Rita R. Alloway, PharmD, FCCP Research Professor of Medicine Director, Transplant Clinical Research University of Cincinnati College of Medicine, Department of Internal Medicine Division of Nephrology  Kidney C.A.R.E. Program  (Clinical Advancement, Research & Education) Cincinnati OH 45267

Dr. Alloway

Rita R. Alloway, PharmD, FCCP
Research Professor of Medicine
Director, Transplant Clinical Research
University of Cincinnati
College of Medicine, Department of Internal Medicine
Division of Nephrology
Kidney C.A.R.E. Program
(Clinical Advancement, Research & Education)
Cincinnati OH 45267 

MedicalResearch.com: What is the background for this study?

Response: Transplant recipients are required to take lifelong immunosuppression to sustain the function of their transplant.  Unfortunately these immunosuppressants have significant side effects.  The most significant of these side effects are worsening kidney function, hypertension, hypercholesterolemia, post transplant diabetes, tremors and headaches.  Researchers focused on improving post transplant outcomes are looking for immunosuppressant regimens with similar efficacy while minimizing harmful side effects.

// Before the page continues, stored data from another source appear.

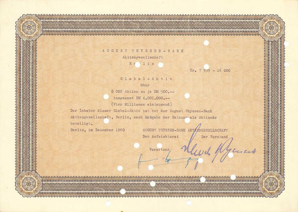 La August Thyssen Bank era una banca che visse dal 1930 al 1961. Le sue sedi erano ad Amsterdam e Düsseldorf. Prima del 9 novembre 1918, August Thyssen fondò la Bank voor Handel en Scheepvart N.V. a Rotterdam. Thyssen disponeva di una rete mondiale di fornitori di servizi finanziari che consentiva il trasferimento di capitali in tutto il mondo. Nordstern-Bank AG, fondata nel 1923, operava come la Banca Von der Heydt di Amsterdam e fu rilevata dalla famiglia Thyssen nel 1927. Dal 1930 fu ribattezzato August-Thyssen-Bank e proprietario di Bank voor Handel en Scheepvaart N.V. Dopo l’8 maggio 1945 la banca aveva sede legale a Düsseldorf. La società è stata inclusa nella rendicontazione nel processo di Thyssen Bank.
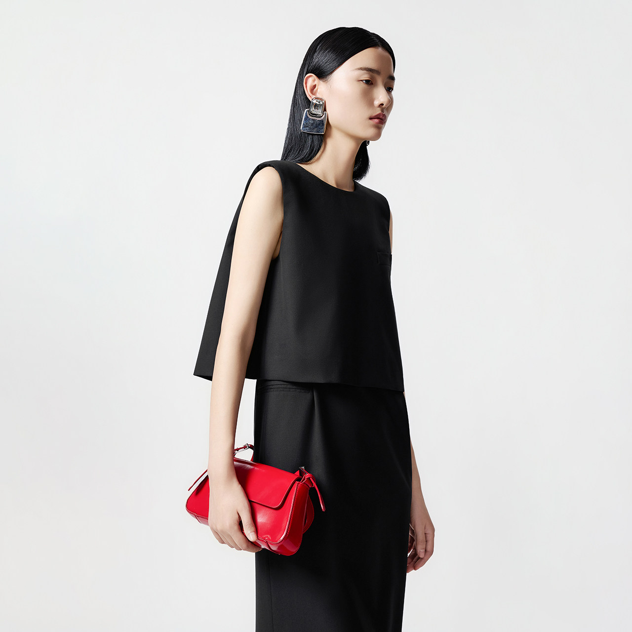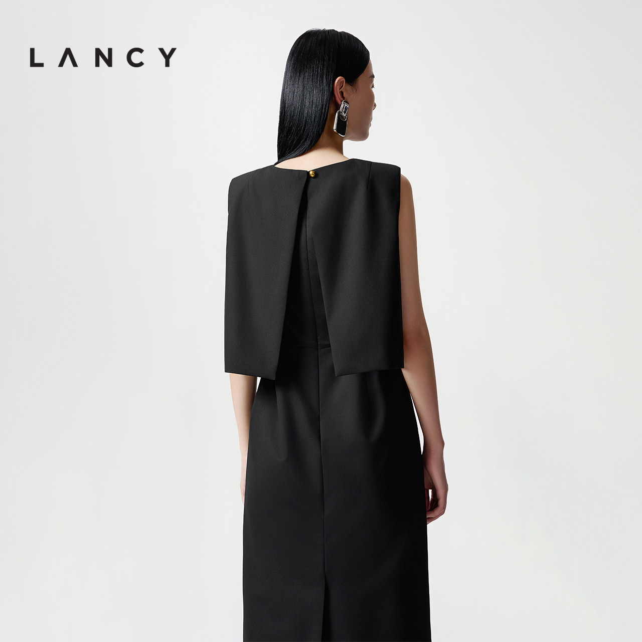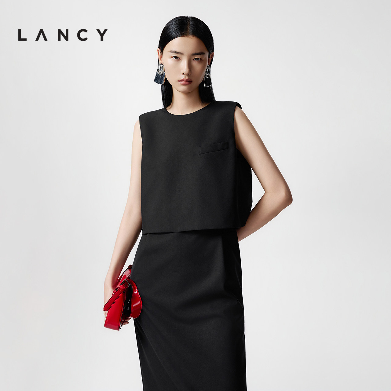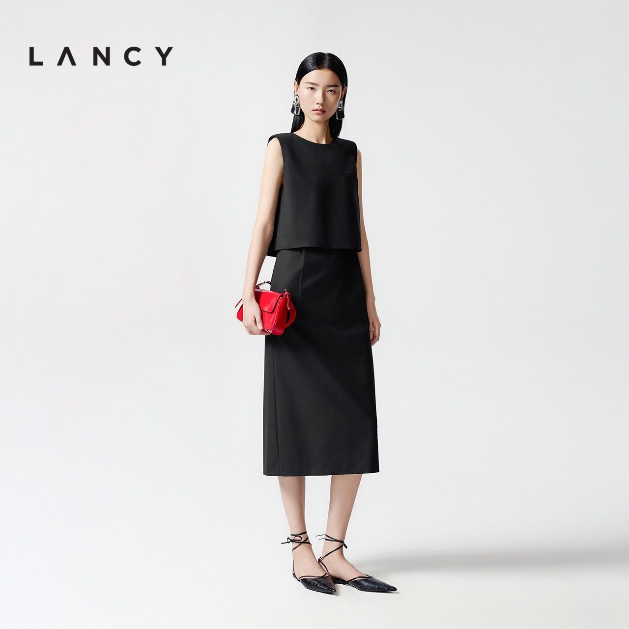 【桑蚕丝羊毛】LANCY/朗姿2025秋季新款气质假两件无袖通勤连衣裙
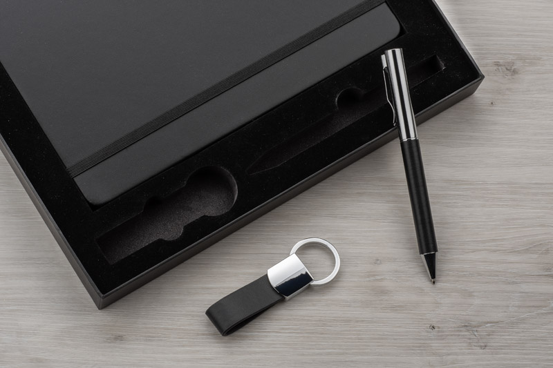 Das PROBIZ-Set besteht aus einem Notizbuch, einem Stift und einem Schlüsselanhänger. Das Notizbuch hat glatte Seiten aus Steinpapier, Format A5. Der Schlüsselanhänger ist aus Metall und lederähnlichem Material (PU). Kugelschreiber mit blauer Tintenmine. Das ganze Set ist in einer geschmackvollen schwarzen Schachtel verpackt. Das Set sieht sehr elegant aus. Produktabmessungen: 145 x 210 x 13 mm (Notizbuch); 132 x ⌀ 10 mm (Stift); 62 x 20 x 9 mm (Schlüsselanhänger); 210 x 260 x 30 mm (Box).
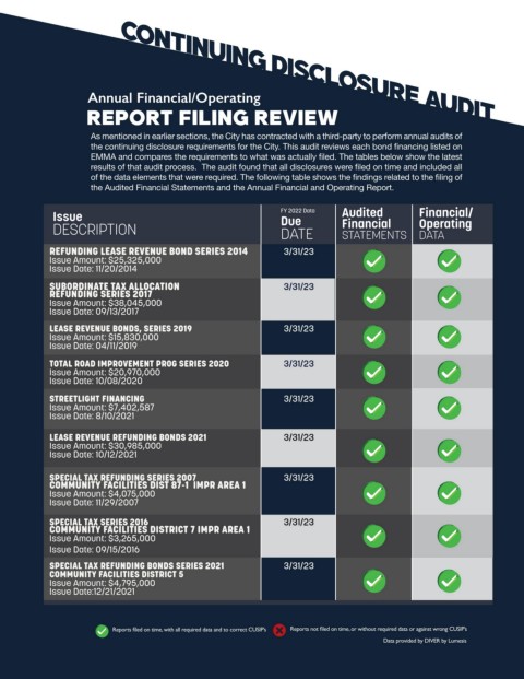 the continuing disclosure requirements for the City. This audit reviews each bond financing listed on
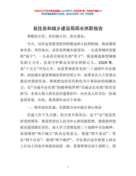 / 县住房和城乡建设局局长供职报告
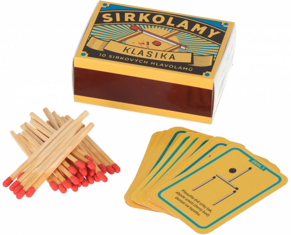 Hlavolam obsahuje skutečné sirky, proto jej děti smí hrát pouze pod dozorem rodičů nebo osob starších 18-ti let. Rozměr: krabička 8 x 5,5 x 3,5 cm

Tacrolimus and steroids are the immunosuppressants associated with the worst side effect profiles.  This study eliminated both of these immunosuppressants and replace tacrolimus with belatacept.  Belatacept is a once monthly intravenous infusion with a more favorable side effect profile compared to tacrolimus.  In addition, since it is a monthly infusion, adherence can improved compared to an oral medication taken twice daily.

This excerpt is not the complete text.